HomeIntelligencePersonnel Accountability › Mitchell, Rashedah Fayola

Mitchell, Rashedah Fayola

Status: active

Profile written May 31, 2026

Current Position Deputy Warden Of Care And Treatment Hancock State Prison
Salary $79,563 2025 · state payroll
Deaths Under Their Watch 3 during their tenure

This profile reflects positional accountability — this individual held the leadership roles shown during the dates shown, during which the listed deaths or lawsuits occurred. Inclusion does not constitute a legal finding of personal culpability for any specific incident.

Tenure Summary

Rashedah Fayola Mitchell began her Georgia Department of Corrections career in 2006 as a correctional officer at Baldwin State Prison, then spent more than a decade in behavioral health counselor roles—rising to behavioral health counselor supervisor by 2019. In February 2026 she was appointed Deputy Warden of Care and Treatment at Hancock State Prison, a close‑security facility that had already drawn national attention for violence, understaffing and gang activity. GPS records attribute three deaths to her tenure in that leadership post; all three occurred within the first nine weeks after she assumed the role. No lawsuits name Mitchell as a defendant.
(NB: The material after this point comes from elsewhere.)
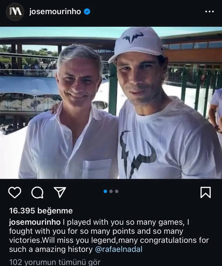 Nadal ile fotoğraflarını paylaşan Mourinho, paylaşımında, "Seninle çok fazla oyun oynadım, çok fazla puan ve zafer için savaştım. Seni özleyeceğim efsane. Böyle muhteşem bir tarih yazdığın için tebrikler" ifadelerini kullandı.

What happened on their watch

Mitchell’s sole facility‑leadership posting is her current position as Deputy Warden of Care and Treatment at Hancock State Prison, a role she began on February 1 2026. During her tenure, according to GPS death logs, three incarcerated men died at the prison:

* Jaylin Bell, 32, died on February 6 2026 following an altercation with his cellmate in a segregation unit. The Atlanta Journal‑Constitution later reported that Bell was killed by his roommate; a Telegram inmate report described them as cellmates in “the hole (G1).” The GDC Office of Professional Standards opened an investigation, which remains ongoing.
* Jerrod Johnson, 27, was fatally stabbed on February 18 2026. Emergency responders arrived but Johnson died before they could treat him. The GDC’s standard‑procedure investigation is active.
* Jacorey Pearson died on April 5 2026. The cause of death has not been publicly released, and the body was sent to the Georgia Bureau of Investigation crime lab. The Office of Professional Standards is investigating.

All three deaths fall into a cause category consistent with homicide. The rapid succession of fatalities occurred in a facility where systemic failures were well‑documented. The Atlanta Journal‑Constitution reported that as of October 2024 Hancock State Prison had a 73.5 percent correctional‑officer vacancy rate—just 49 officers for more than 1,100 prisoners. A 2024 U.S. Department of Justice report, cited by the AJC, described “stunning violence, sexual assaults and gang‑run prisons” in Georgia, fueled by a culture of indifference. Consultants found that staffing at 20 of the state’s 34 prisons had reached “emergency levels,” leaving broken cell locks and unable to maintain basic safety protocols. The same report noted that short‑staffing and corruption had allowed prisoners to run large criminal enterprises from their cells, with at least 28 major drug‑trafficking cases filed between 2015 and 2024.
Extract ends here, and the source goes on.